Reporting suspected adverse reactions after authorisation of the medicinal product is important. It allows continued monitoring of the benefit/risk balance of the medicinal product. Healthcare professionals are asked to report any suspected adverse reactions via the Yellow Card Scheme; website: www.mhra.gov.uk/yellowcard

4.9 Overdose

The effects in overdosage will be potentiated by simultaneous ingestion of alcohol and psychotropic drugs.

Symptoms

Central nervous system depression, including respiratory depression, may develop but is unlikely to be severe unless other sedative agents have been coingested, including alcohol, or the overdose is very large. The pupils may be pin-point in size; nausea and vomiting are common. Hypotension and tachycardia are possible but unlikely.

Management

This should include general symptomatic and supportive measures including a clear airway and monitoring of vital signs until stable. Consider activated charcoal if an adult presents within one hour of ingestion of more than 350 mg or a child more than 5 mg/kg.

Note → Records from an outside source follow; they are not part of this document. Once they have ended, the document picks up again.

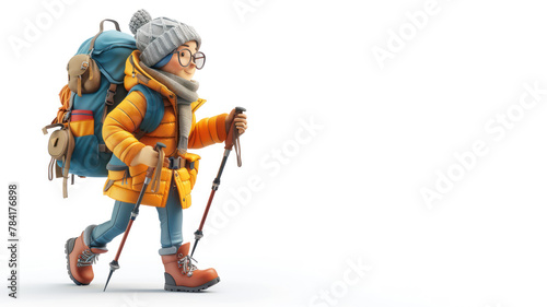 A mature woman hiker with backpack walking in mountain, summer outdoor activity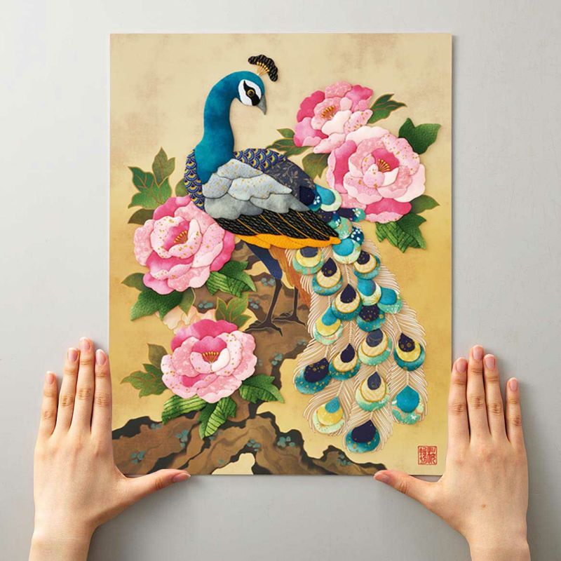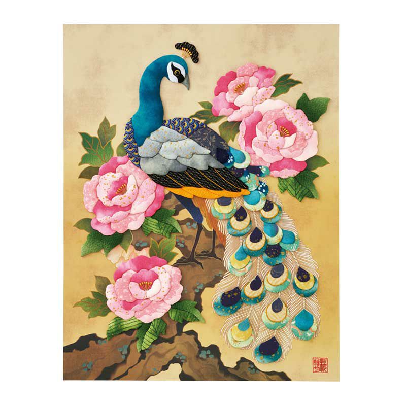 孔雀の気品と牡丹の華やかさを繊細な曲線で表現。色褪せない美しさで空間に優雅な彩りを添えます。別売りのF6用額に収めれば、作品の魅力がより一層際立ちます。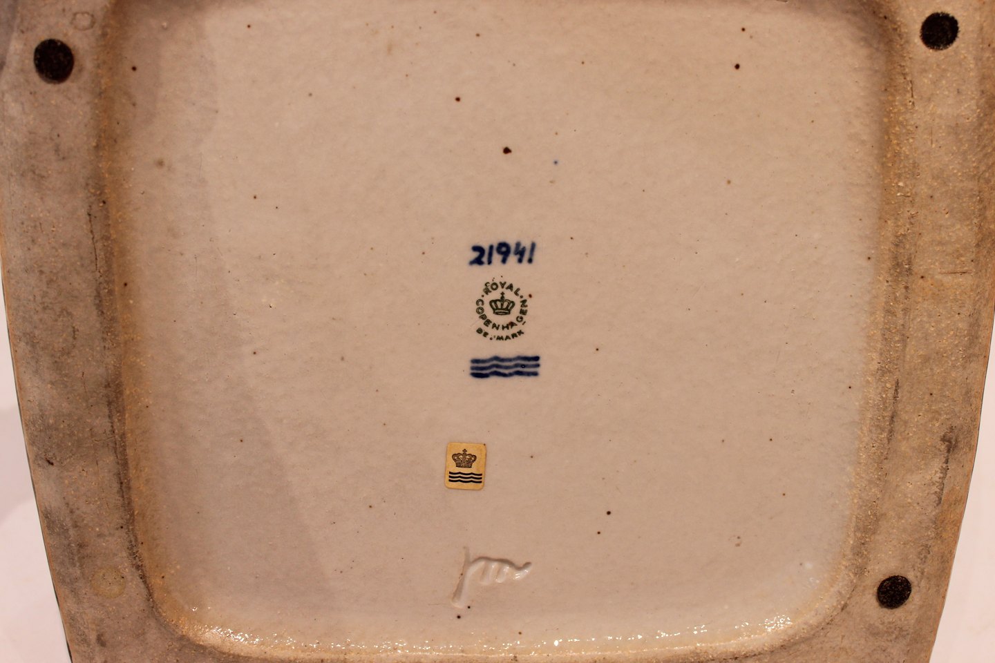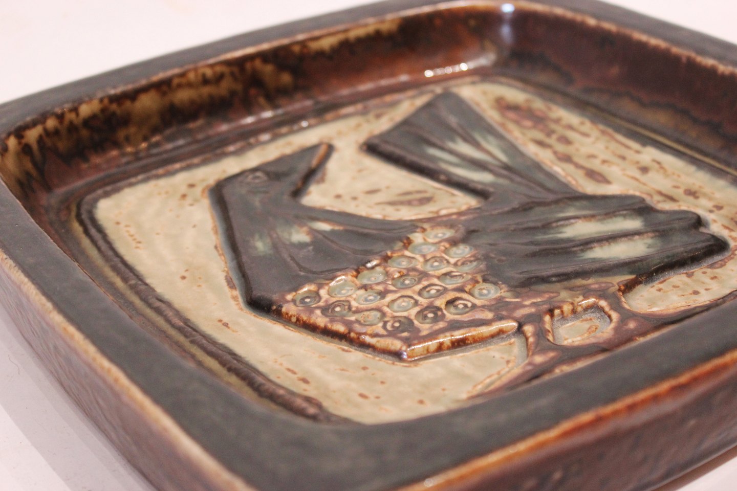 SoldRoyal Copenhagen stoneware dish, no.: 21941, by Jørgen Mogensen. The dish is decorated with a bird motif and in brown colors.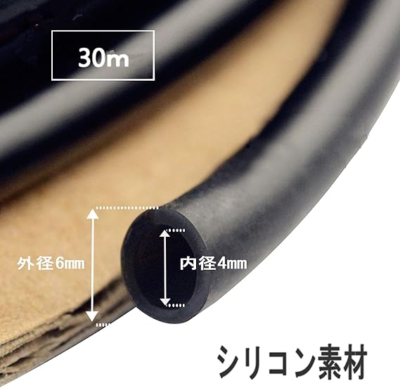 【サイズ】 内径4mm、外径6mm 【長さ】 30m 【色】 ブラック 黒 【素材】 シリコン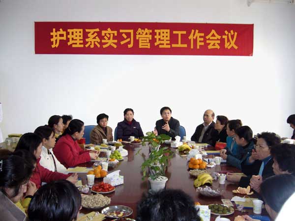 2007年1月26日下午福建衛(wèi)生職業(yè)技術(shù)學(xué)院護(hù)理系在系會(huì)議室召開了2007年度實(shí)習(xí)管理工作座談會(huì)。參加會(huì)議的有福建省立醫(yī)院、福建醫(yī)科大學(xué)附屬第一醫(yī)院、福建醫(yī)科大學(xué)附屬協(xié)和醫(yī)院等10余家醫(yī)院的護(hù)理部主任和臺(tái)江區(qū)衛(wèi)生局、鼓樓區(qū)衛(wèi)生局、晉安區(qū)衛(wèi)生局的相關(guān)負(fù)責(zé)人。副院長廖偉堅(jiān)、教務(wù)處處長唐榮耀應(yīng)邀出席了會(huì)議。護(hù)理系主任劉登蕉、黨總支書記謝濤、副主任劉珍紅也出席了會(huì)議。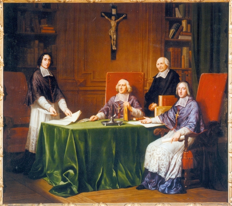 Hesse Alexandre (1856), Signature des articles de la Conférence d'Issy tenue entre Bossuet, évêque de Meaux, Antoine de Noailles, évêque de Châlons et Fénélon, archevêque de Cambrai [titre inscrit] , [Peinture à huile ], Château de Maintenon

Give naloxone if coma or respiratory depression is present. Naloxone is a competitive antagonist and has a short half-life so large and repeated doses may be required in a seriously poisoned patient. Observe for at least four hours after ingestion, or eight hours if a sustained release preparation has been taken.

5.1 Pharmacodynamic properties

ATC code N02A A08

Dihydrocodeine tartrate is an analgesic with uses similar to those of morphine but it is much less potent as an analgesic and has only mild sedative effects.

5.2 Pharmacokinetic properties

Absorption

Dihydrocodeine is well absorbed after oral administration. Peak plasma levels occur 1.6 - 1.8 hours after ingestion.

Biotransformation

After oral administration the bioavailability of the drug is approximately 20%, indicating that the pre-systemic metabolism plays a substantial role in reducing the bioavailability of dihydrocodeine.

Elimination

Dihydrocodeine is excreted in the urine as unchanged drug and metabolites. The mean elimination half life ranges between 3.5 - 5 hours.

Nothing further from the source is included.